Наблюдая за ним в течение первых нескольких минут его доставки, Сесилия почувствовала приятную ощущение тонущего в животе, когда она размышляла о том, как восхитительно саморазрушительно было бы почти эротичным, быть замужем за человеком, таким почти красивым, таким чрезвычайно богатым, таким непостижимо глупый. Он наполнил бы ее своими крупными детьми, все они громко, мальчики с костями страсти к оружию, футбол и самолеты.
Тем не менее, засох, я все еще чувствую себя точно тем же человеком, которым я всегда был. Трудно объяснить это молодым. Мы можем выглядеть по -настоящему рептилий, но мы не отдельное племя.
Вернись, вернись ко мне
И теперь она вернулась в мир, не та, кого она могла сделать, но тот, кто сделал ее, и она чувствовала, что сжимается под ранним вечерним небом. Она устала от того, чтобы быть на свежем воздухе, но она не была готова войти. Было ли это действительно все, что было в жизни, в помещении или на улице? Разве у людей не было где -то еще?
Ученые стоят на плечах гигантов, как и писатели. И наоборот, в искусстве мы делаем открытия. Мы совершаем наши инструменты. Поэтому я спорю или, по крайней мере, играю с идеей, что искусство никогда не улучшается.
Четыре или пять лет - вообще ничего. Но никто старше тридцати не мог понять это своеобразно взвешенное и сжатое время, от позднего подросткового до начала двадцати, от участия жизни, который нуждался в названии, от высадки в школу до наемного профессионала, с университетом, делами, смертью и выбором между ними. Я забыл, как недавно было мое детство, как долго и неизбежно оно когда -то казалось. Как вырос и как я был неизменным.
Говорят, что писатели имеют суеверия и небольшие ритуалы.
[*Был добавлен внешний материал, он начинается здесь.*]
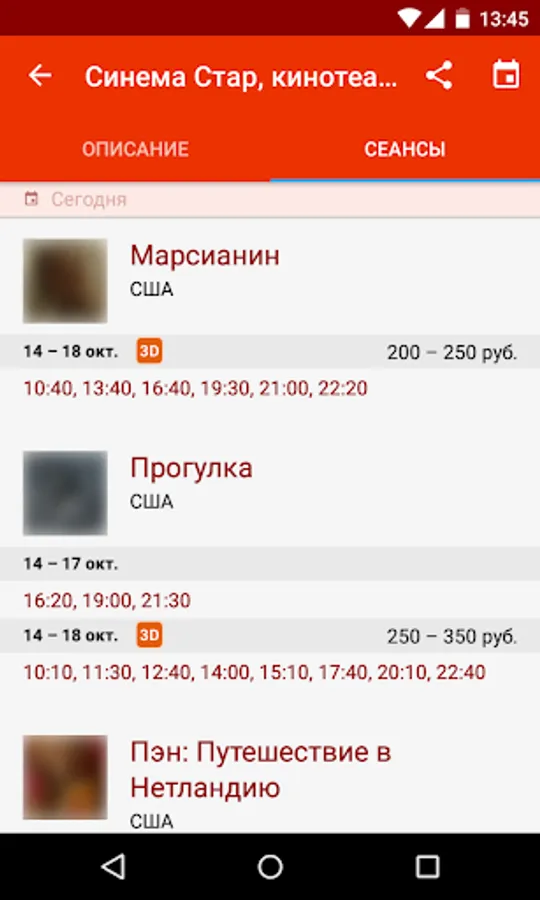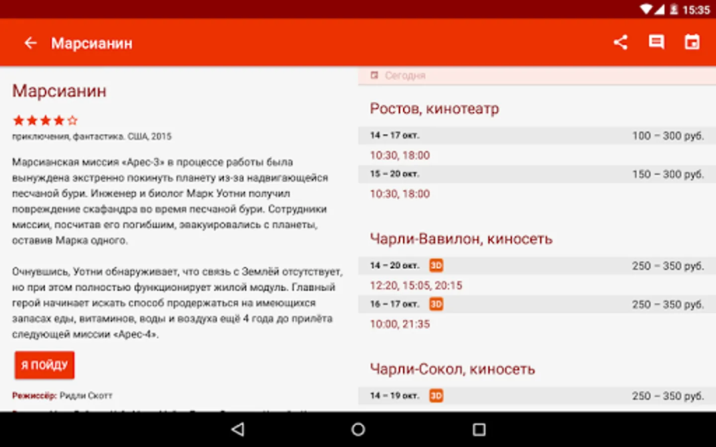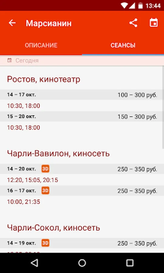 - Watch schedules cinemas, theaters, concerts, clubs, exhibitions, tours, excursions and city events;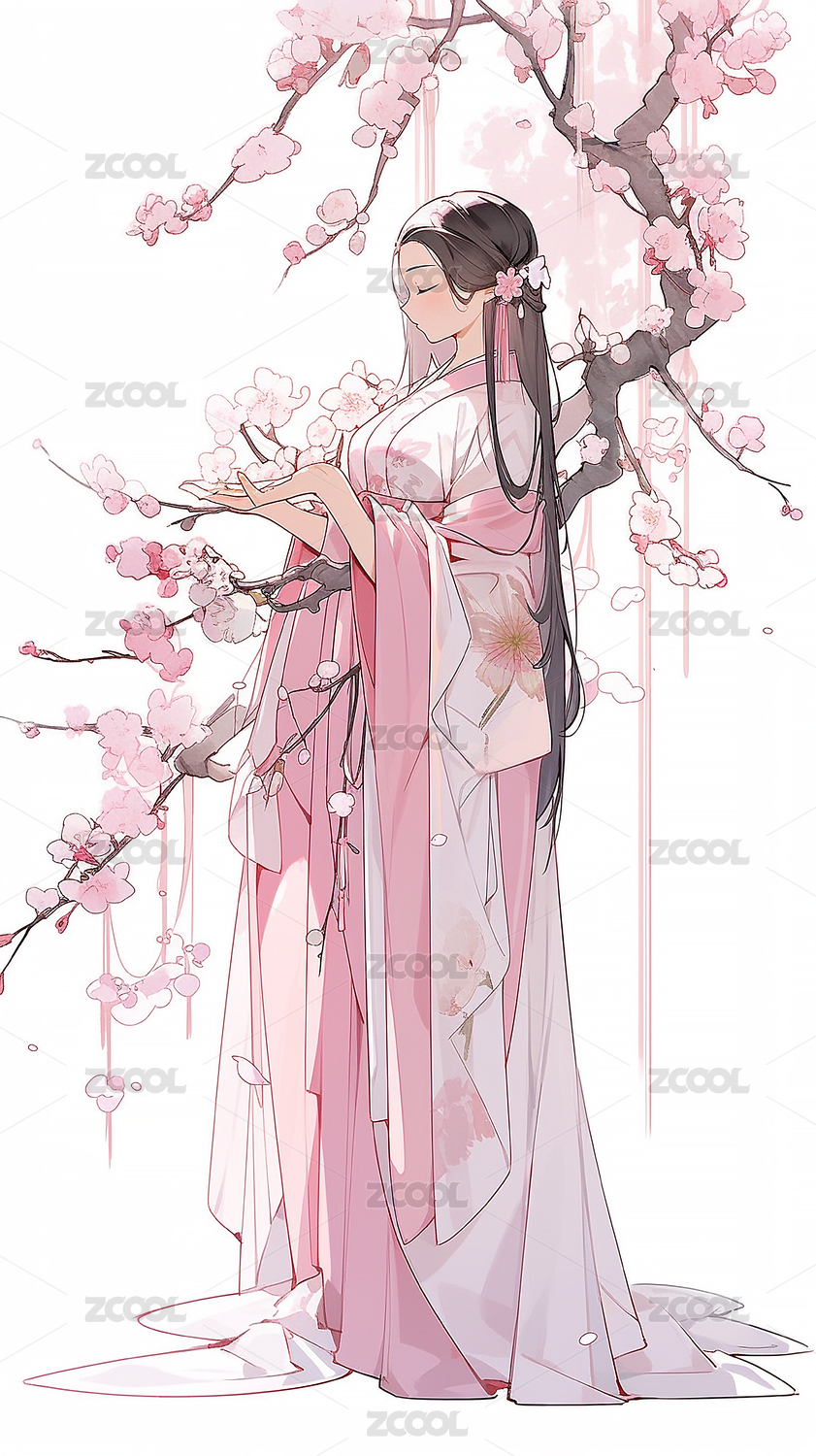 樱花环绕的古典美人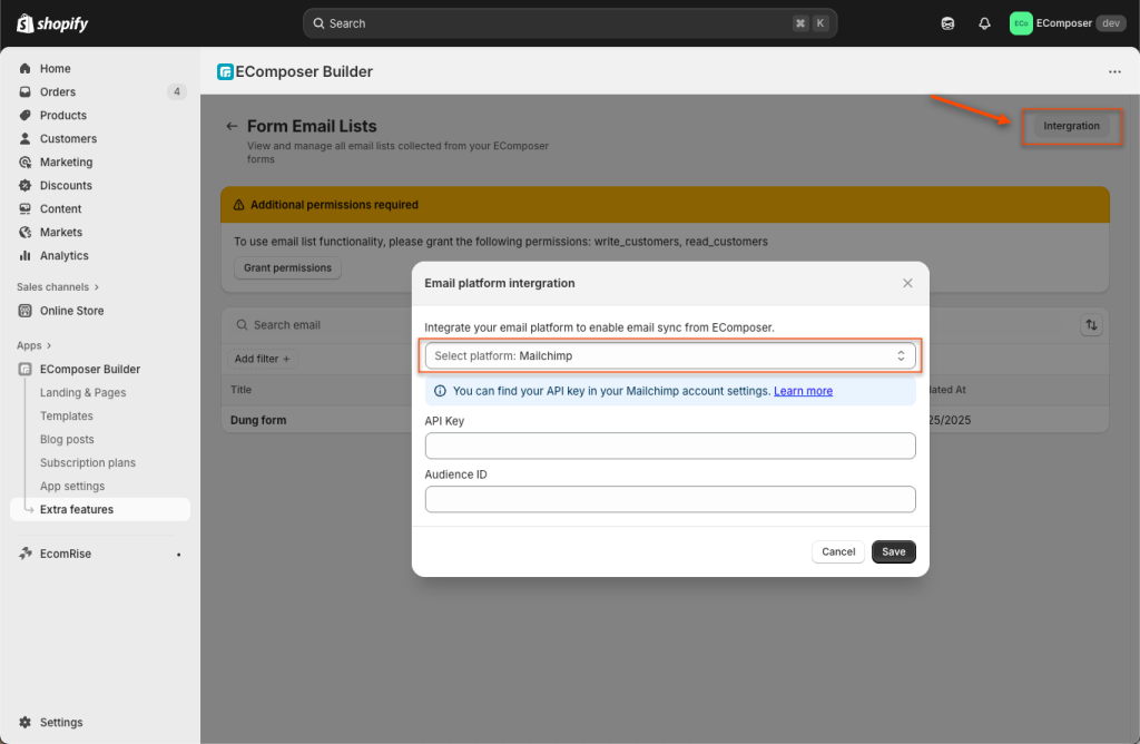 You can also integrate your contact form with third-party email platforms like Mailchimp, Brevo. To connect, simply enter your Mailchimp API key obtained from your Mailchimp account settings.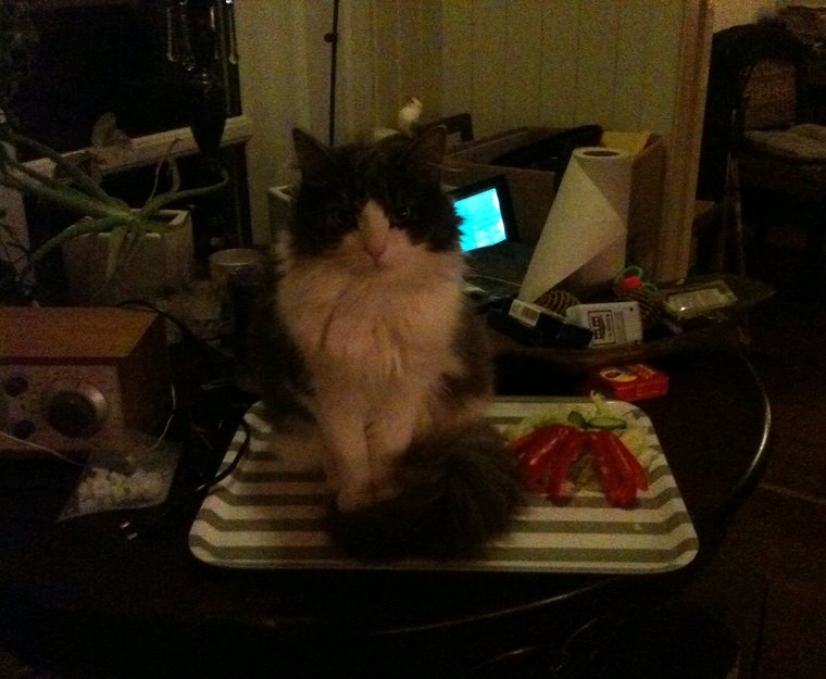 Vi har katteluke, og det var mye mat igjen i skålene...!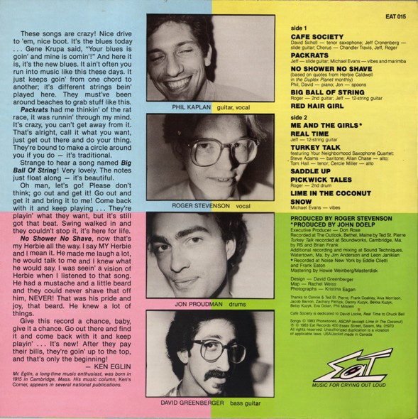 Men & Volts画家でもあり、老人との対話の口述記録の作品化でも知られる特異な経歴の持ち主であるDavid Greenbergerが79年に結成していたオルタナティヴロックバンドのデビュー作。彼はベースと作詞を担当。ビーフハートにも近い感触を持つプログレッシヴで自由な楽曲たちは、ギターのPhil Kaplanの才能によるところが大きい。とにかくポテンシャルが高く曲調に幅があるので、できれば最後までサンプル聴いてね。 genre = レコメン・アヴァンポップ Avan-Pop, RIO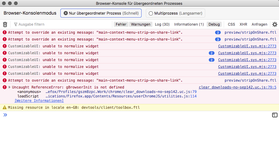 ; hier der Error in der Konsole:CustomizableUI: unable to normalize widget hatte ich schon vorher mal in der Konsole gesehen, war mir aber nicht sicher ob es mit dem Script zusammenhängt.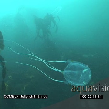 School of Box Jellyfish swimming underwater in ocean and passing by camera MLS PAN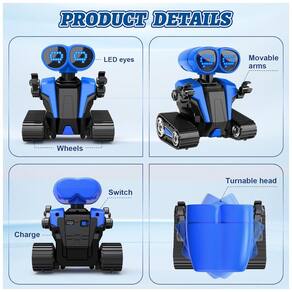 O robô possui rodas de tanque e 6 rodas, seus olhos LED podem ser ajustados para piscar ou permanecer acesos pelo controle e possui um alto-falante embutido com várias músicas para escolher.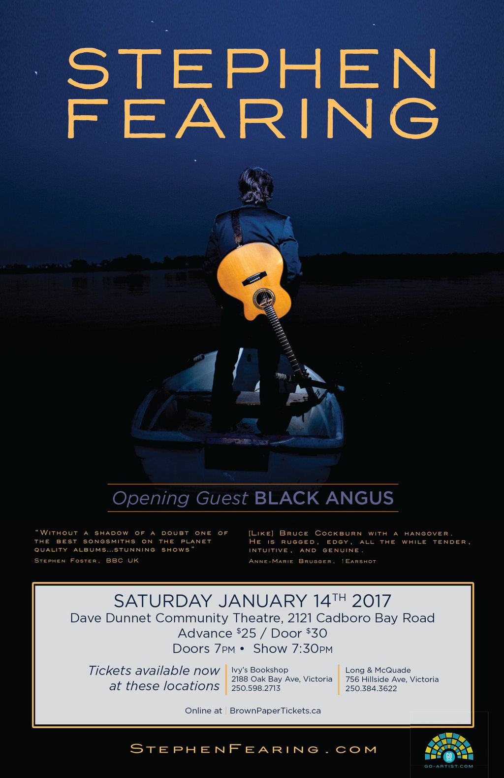 Multi JUNO Award-winner Stephen Fearing is celebrating his recent move to Victoria by launching his ninth studio record, Every Soul’s a Sailor, at a special album release concert in Oak Bay on Saturday, January 14th, 2017 and with an exclusive songwriting workshop for Victoria musicians on Saturday, January 7th.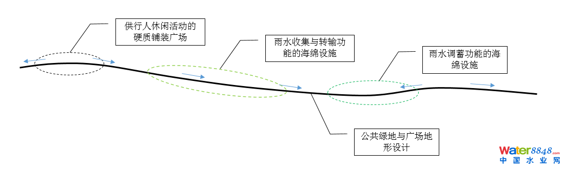 ③休閑娛樂廣場功能分區(qū)較為明確,海綿設施設計應結合不同功能區(qū),合理布置海綿設施。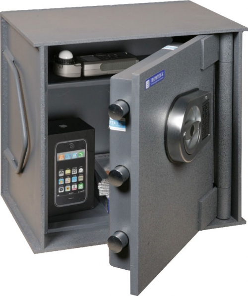 - Усиленная противовзломная конструкция сейфа (толщина лицевой панели 10 мм, толщина стальных листов корпуса 6 мм) в комбинации с надежным замком обеспечивают повышенную устойчивость сейфа к взлому.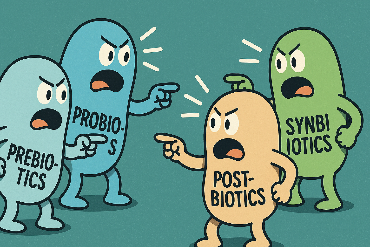 일단 이 모든 '~바이오틱스' 패밀리는 우리 장 건강에 도움을 주는 성분들이에요. 근데 각각의 역할과 특성이 좀 달라요. 간단히 말하자면: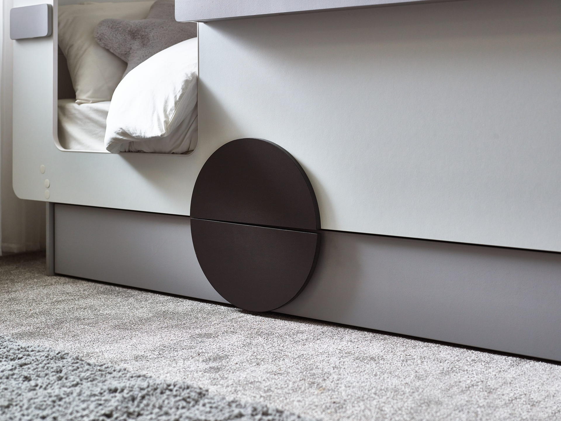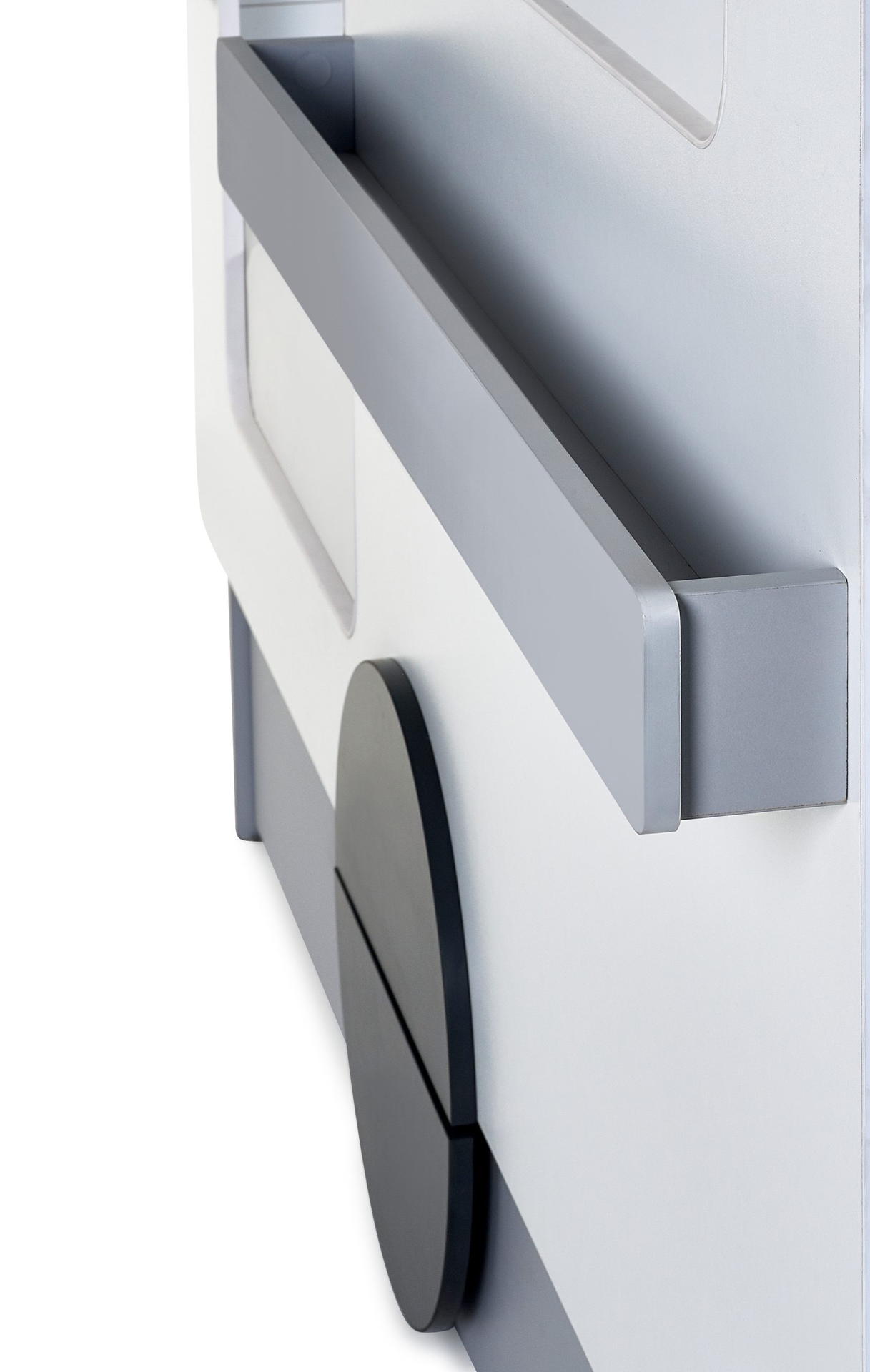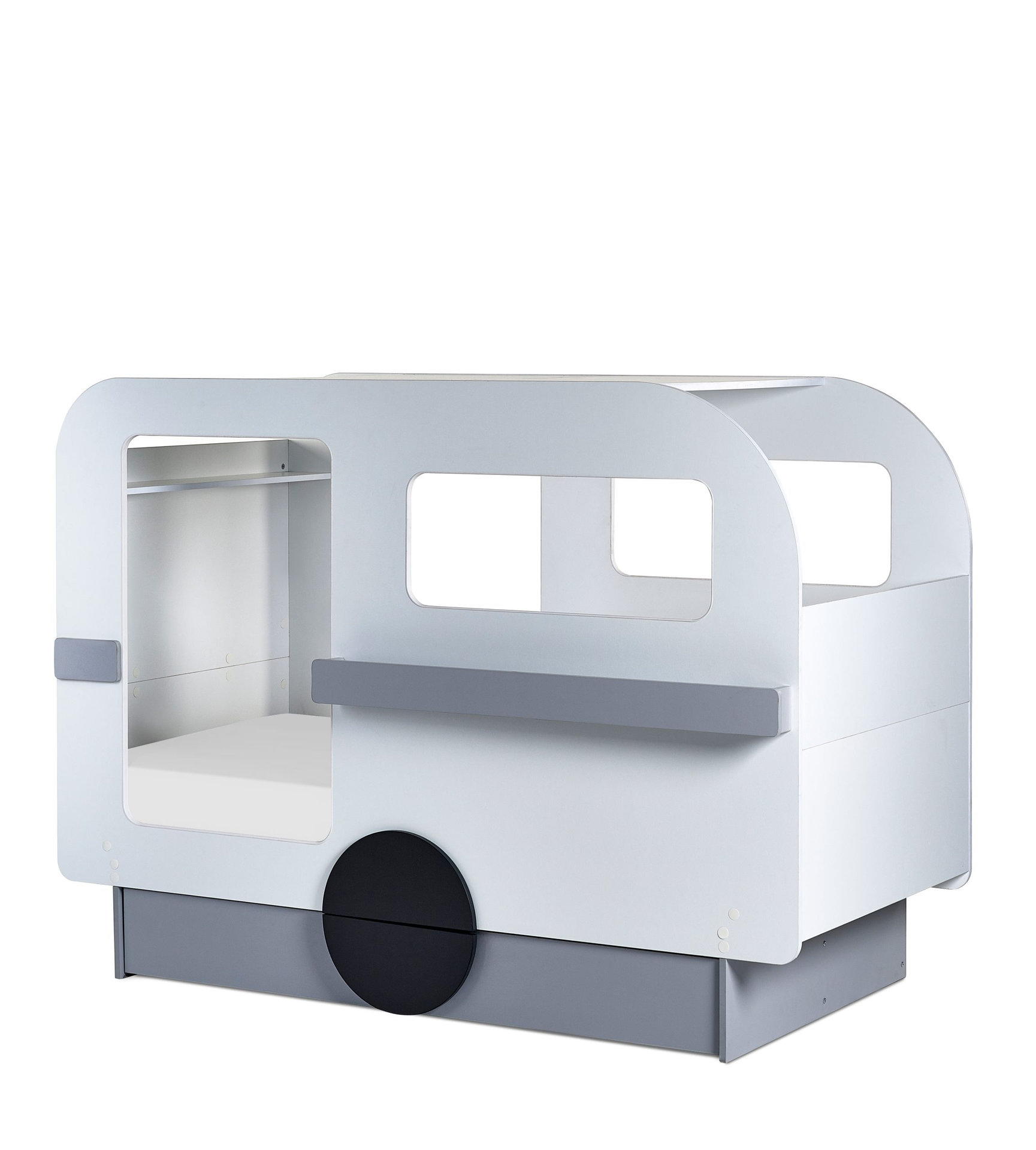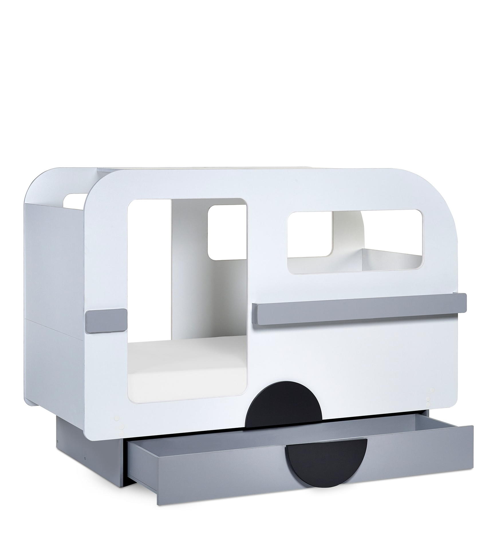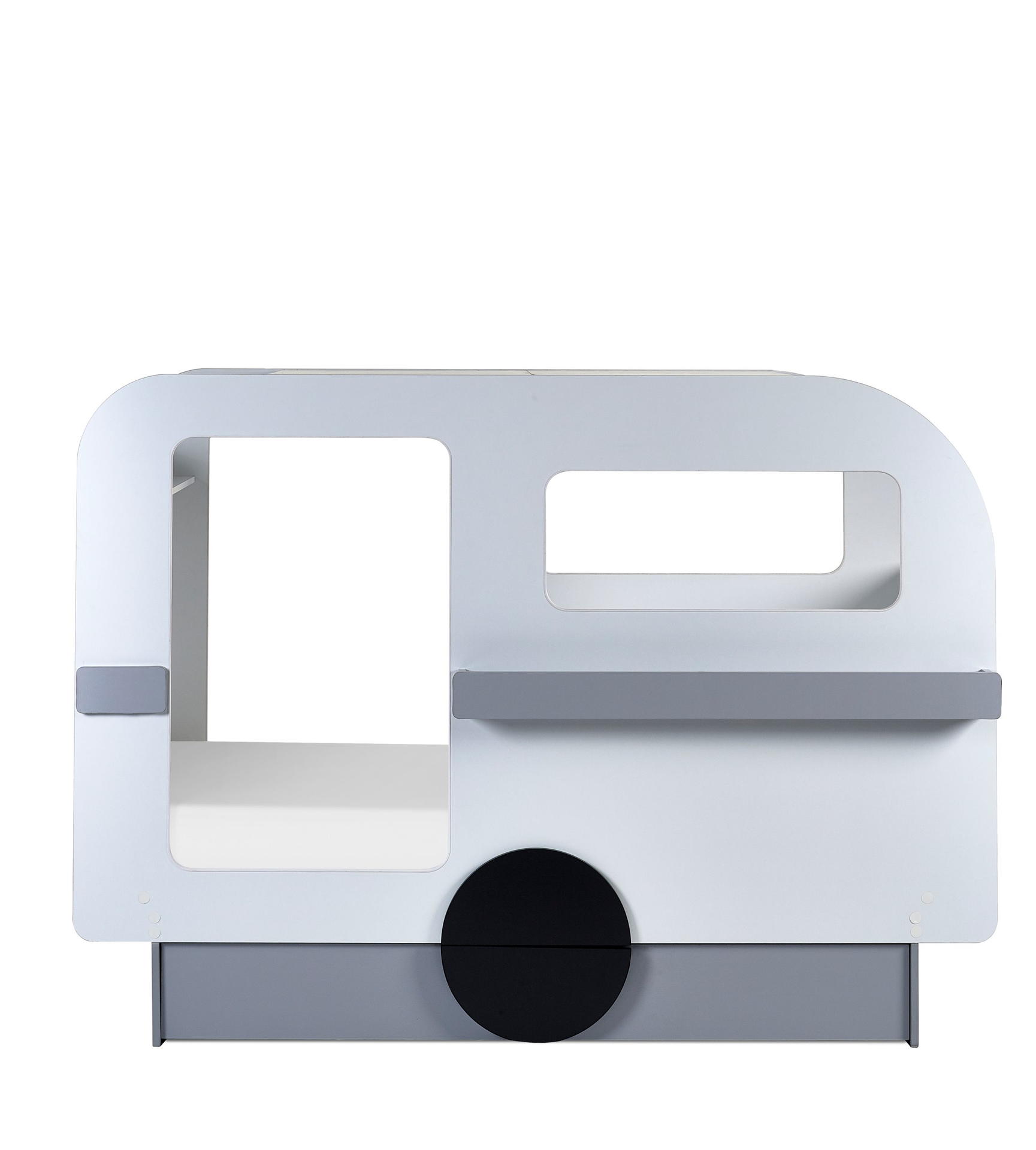 Escape, Enjoy, and Sleep! Let your little one’s imagination go wild and experience traveling around in our wonderful Tourer Cavan Bed. With its unique Caravan shape, the Tourer bed offers shelves from both the inside and front perfect for storing books and toys. As well as a pull-out drawer at the bottom bed for storing away all the essentials from blankets to toys. Finished in lacquered white, grey, and black round-shaped wheels. Creating the perfect adventures for your younger ones.

У читателей их тоже есть.
В глубине души у меня было чувство, что мы сидели о том, чтобы ждать какого -то ужасного события, и тогда я помню, что это уже произошло.
На языке, как идиоматически подчеркнутым, как английский, возможности для неправильного прочтения обязательно возникают. Простое обратное движение стресса, глагол может стать существительным, что -то вроде. Чтобы отказаться, настаивать на том, чтобы сказать «нет» тому, что, по вашему мнению, неверно, становится непревзойденным, непреодолимой кучей мусора.